🤖 AI Summary
This work investigates the task-specific adaptability of query rewriting versus context fusion in conversational systems. We systematically evaluate these strategies across two representative dialogue tasks: text-based question answering (QA) and multimodal data visualization generation (i.e., text-to-chart/table). Specifically, we compare sequence-to-sequence query rewriting, context-aware query fusion, and end-to-end multimodal generation approaches. Our key finding—established for the first time—is that task type fundamentally governs strategy efficacy: query rewriting yields substantial gains in text QA (up to +12.3% accuracy), whereas context fusion significantly outperforms in analytical tasks like visualization generation (+9.7% BLEU-4, +15.1% chart correctness).
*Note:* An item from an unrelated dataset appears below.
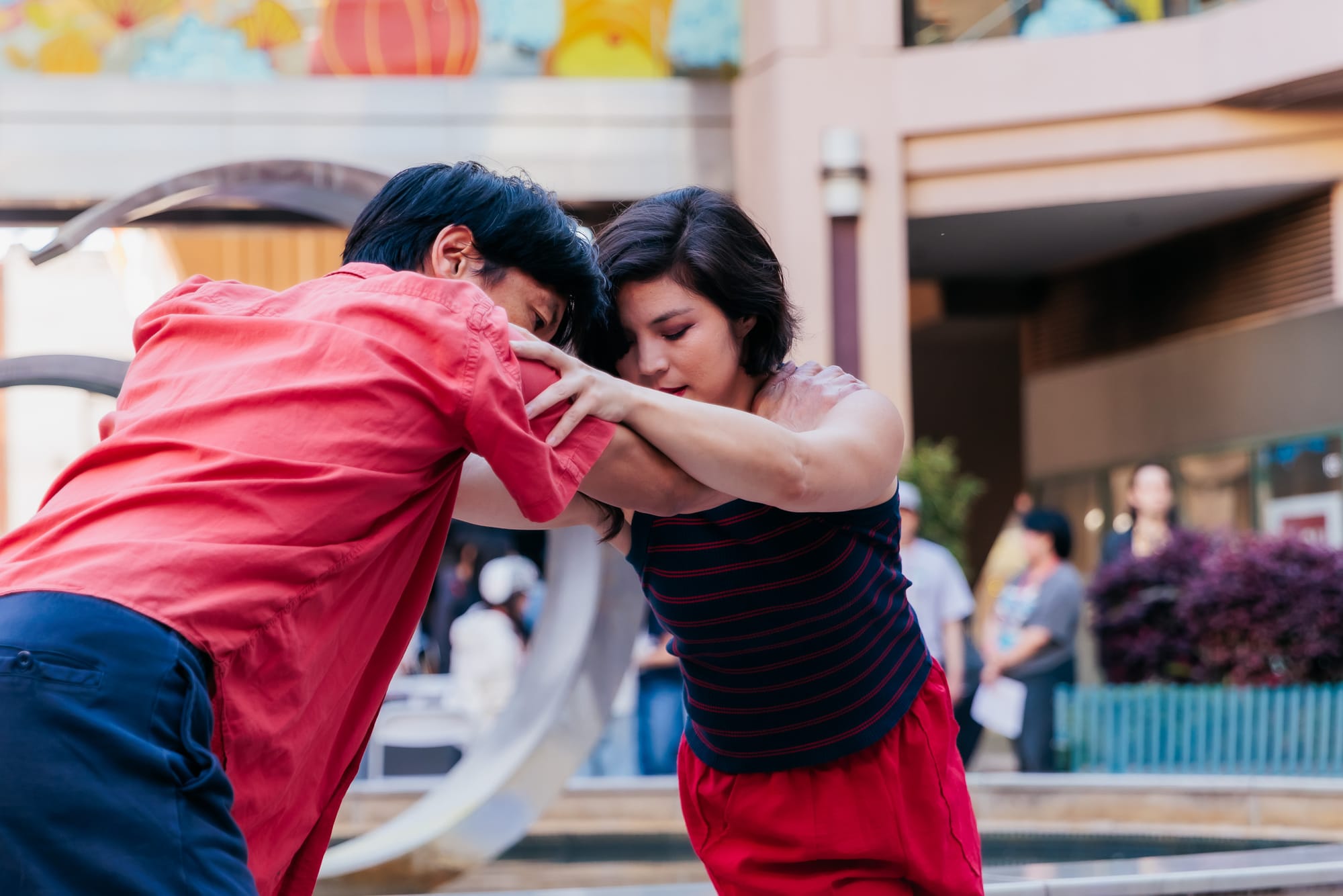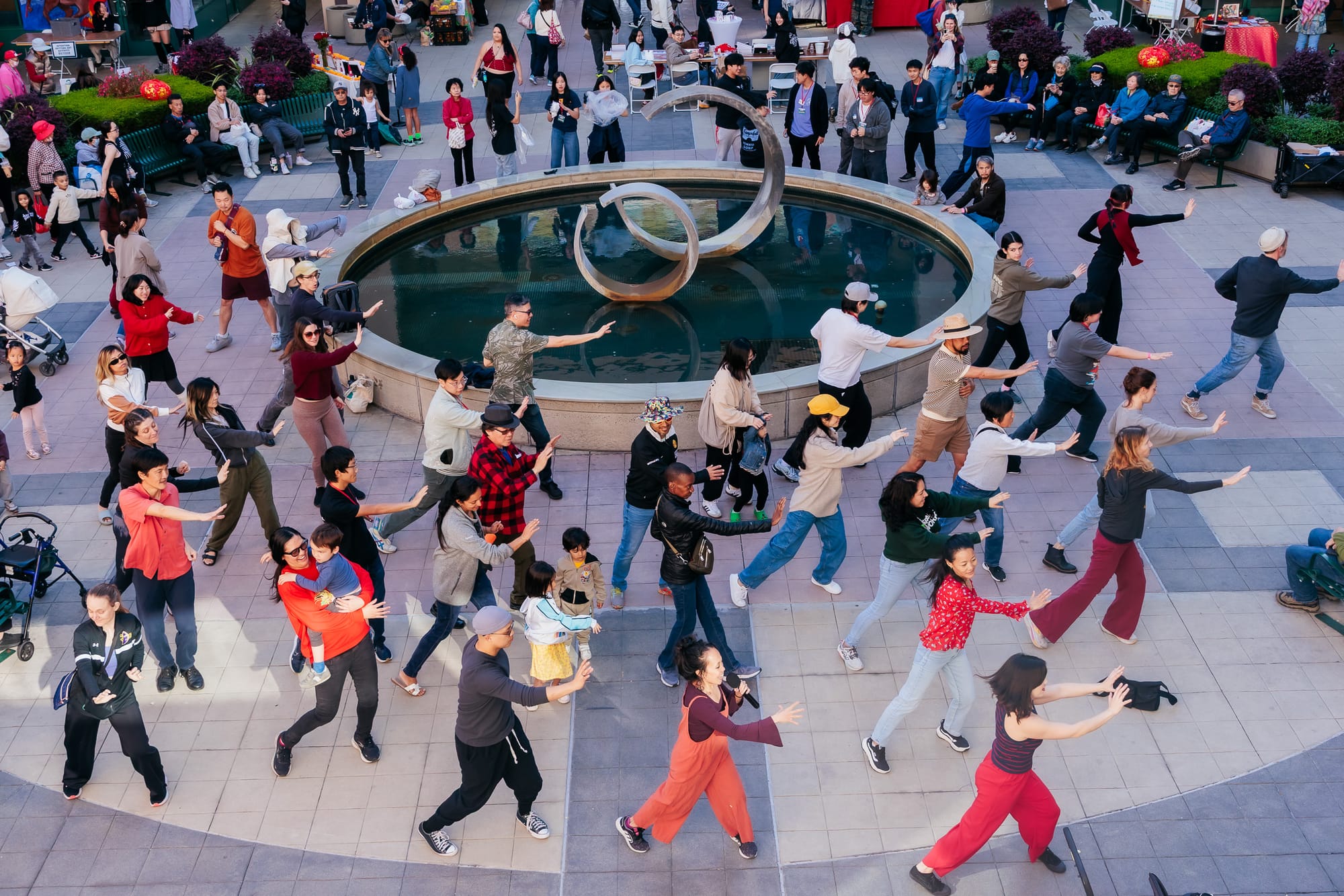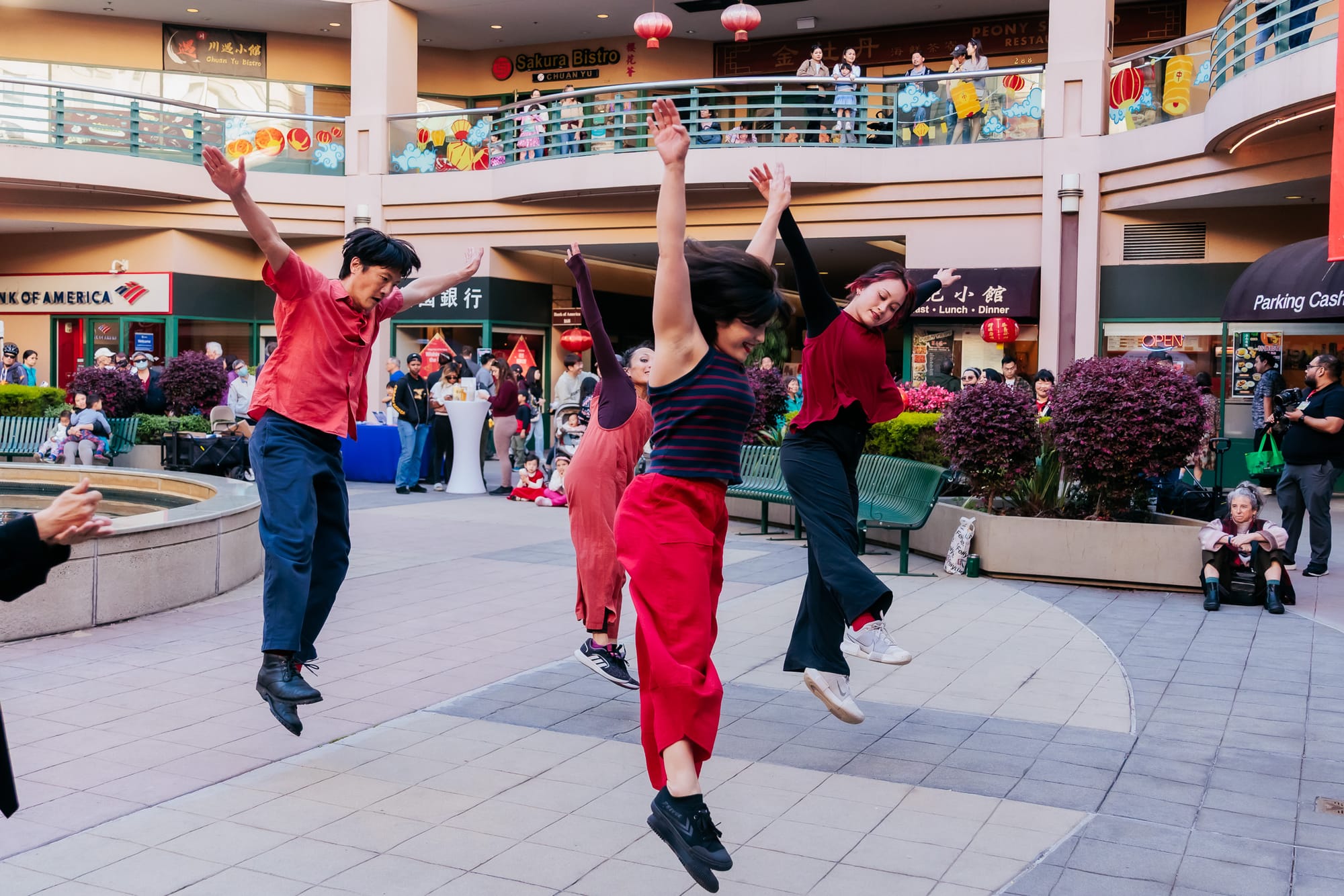 The Lantern Festival for the Year of the Fire Horse began with joy, dance, and song, all courtesy of Megan Lowe Dances, or MLD. This company has a gift for transforming spaces and the ordinary everyday objects in them, like benches, in this instance those of the Pacific Renaissance Plaza, into a dynamic landscape of athleticism and art.

This pattern holds robustly across both short- and long-context dialogue benchmarks. The results provide empirically grounded, transferable guidelines for strategic selection in conversational AI systems.
📝 Abstract
Conversational assistants often require a question rewriting algorithm that leverages a subset of past interactions to provide a more meaningful (accurate) answer to the user's question or request. However, the exact rewriting approach may often depend on the use case and application-specific tasks supported by the conversational assistant, among other constraints. In this paper, we systematically investigate two different approaches, denoted as rewriting and fusion, on two fundamentally different generation tasks, including a text-to-text generation task and a multimodal generative task that takes as input text and generates a visualization or data table that answers the user's question. Our results indicate that the specific rewriting or fusion approach highly depends on the underlying use case and generative task. In particular, we find that for a conversational question-answering assistant, the query rewriting approach performs best, whereas for a data analysis assistant that generates visualizations and data tables based on the user's conversation with the assistant, the fusion approach works best. Notably, we explore two datasets for the data analysis assistant use case, for short and long conversations, and we find that query fusion always performs better, whereas for the conversational text-based question-answering, the query rewrite approach performs best.